The Musée d’Orsay is devoting an exhibition to the famous Norwegian painter Edvard Munch, whose work in its breadth nevertheless remains partly unknown.

Many variations of the same motif
Edvard Munch ‘s work occupies a pivotal place in artistic modernity. It has its roots in the 19th century to fully fit into the next. Moreover, his entire work is innervated by a singular vision of the world conferring on it a powerful symbolist dimension which cannot be reduced to the few masterpieces he created in the 1890s. century, Munch transcends this movement beyond its peak to make it the backbone of his work, thus giving it great coherence. Munch’s singular creative process leads him to create many variations of the same motif, but also several versions of the same subject. Eminently symbolist, the notion of cycle thus played a key role in Munch’s thought and art. It intervenes at several levels in his work until it comes into play in the very construction of his canvases, where certain motifs recur on a regular basis.

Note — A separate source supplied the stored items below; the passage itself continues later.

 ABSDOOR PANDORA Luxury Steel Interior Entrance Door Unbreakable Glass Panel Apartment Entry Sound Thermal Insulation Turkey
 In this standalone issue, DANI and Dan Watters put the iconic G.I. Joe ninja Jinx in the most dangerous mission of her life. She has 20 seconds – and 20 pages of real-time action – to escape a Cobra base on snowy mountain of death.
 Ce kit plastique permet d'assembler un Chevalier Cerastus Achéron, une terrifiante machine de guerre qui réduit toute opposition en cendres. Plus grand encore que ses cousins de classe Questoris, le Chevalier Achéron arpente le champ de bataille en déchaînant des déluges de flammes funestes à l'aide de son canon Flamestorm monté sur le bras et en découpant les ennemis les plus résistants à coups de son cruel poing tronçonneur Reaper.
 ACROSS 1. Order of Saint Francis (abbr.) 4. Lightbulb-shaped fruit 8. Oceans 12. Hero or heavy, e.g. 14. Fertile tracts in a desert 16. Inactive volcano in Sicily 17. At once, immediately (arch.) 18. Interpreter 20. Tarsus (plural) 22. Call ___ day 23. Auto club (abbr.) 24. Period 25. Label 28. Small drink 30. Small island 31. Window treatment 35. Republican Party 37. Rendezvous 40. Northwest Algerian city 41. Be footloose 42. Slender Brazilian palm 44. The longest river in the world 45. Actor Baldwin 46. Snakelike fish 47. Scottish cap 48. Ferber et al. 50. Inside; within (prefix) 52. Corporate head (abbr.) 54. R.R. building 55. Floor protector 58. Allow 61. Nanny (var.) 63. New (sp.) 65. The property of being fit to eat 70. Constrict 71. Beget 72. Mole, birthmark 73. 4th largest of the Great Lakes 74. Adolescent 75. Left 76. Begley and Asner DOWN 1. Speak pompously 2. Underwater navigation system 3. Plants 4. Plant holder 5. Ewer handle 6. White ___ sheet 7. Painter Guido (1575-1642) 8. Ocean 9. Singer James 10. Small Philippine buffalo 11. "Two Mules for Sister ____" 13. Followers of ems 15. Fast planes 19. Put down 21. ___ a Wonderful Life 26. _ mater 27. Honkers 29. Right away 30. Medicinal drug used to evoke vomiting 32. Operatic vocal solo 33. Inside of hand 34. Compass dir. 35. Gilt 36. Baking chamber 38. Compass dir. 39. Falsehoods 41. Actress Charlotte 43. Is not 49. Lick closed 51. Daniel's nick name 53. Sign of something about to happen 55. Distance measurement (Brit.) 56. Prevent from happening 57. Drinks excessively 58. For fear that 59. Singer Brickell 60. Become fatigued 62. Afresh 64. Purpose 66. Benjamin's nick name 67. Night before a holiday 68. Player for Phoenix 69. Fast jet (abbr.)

Inspired by the vitalist philosophies
For Munch, humanity and nature are united in the cycle of life, death and rebirth. In this context, he developed an original iconography, largely inspired by the vitalist philosophies of Friedrich Nietzsche and Henri Bergson. Munch himself underlined this when speaking of his Frieze of Life: “these canvases, it is true relatively difficult to understand, will […] be easier to grasp if they are integrated into a whole. » The exhibition will present a hundred works, paintings, but also drawings, prints or even engraved blocks, reflecting the diversity of his practice. This large-scale presentation, with a retrospective dimension, will embrace the entire career of the artist. It will invite the visitor to review the work of the Norwegian painter as a whole by following the thread of an always inventive pictorial thought: a work that is both fundamentally coherent, even obsessive, and at the same time constantly renewed.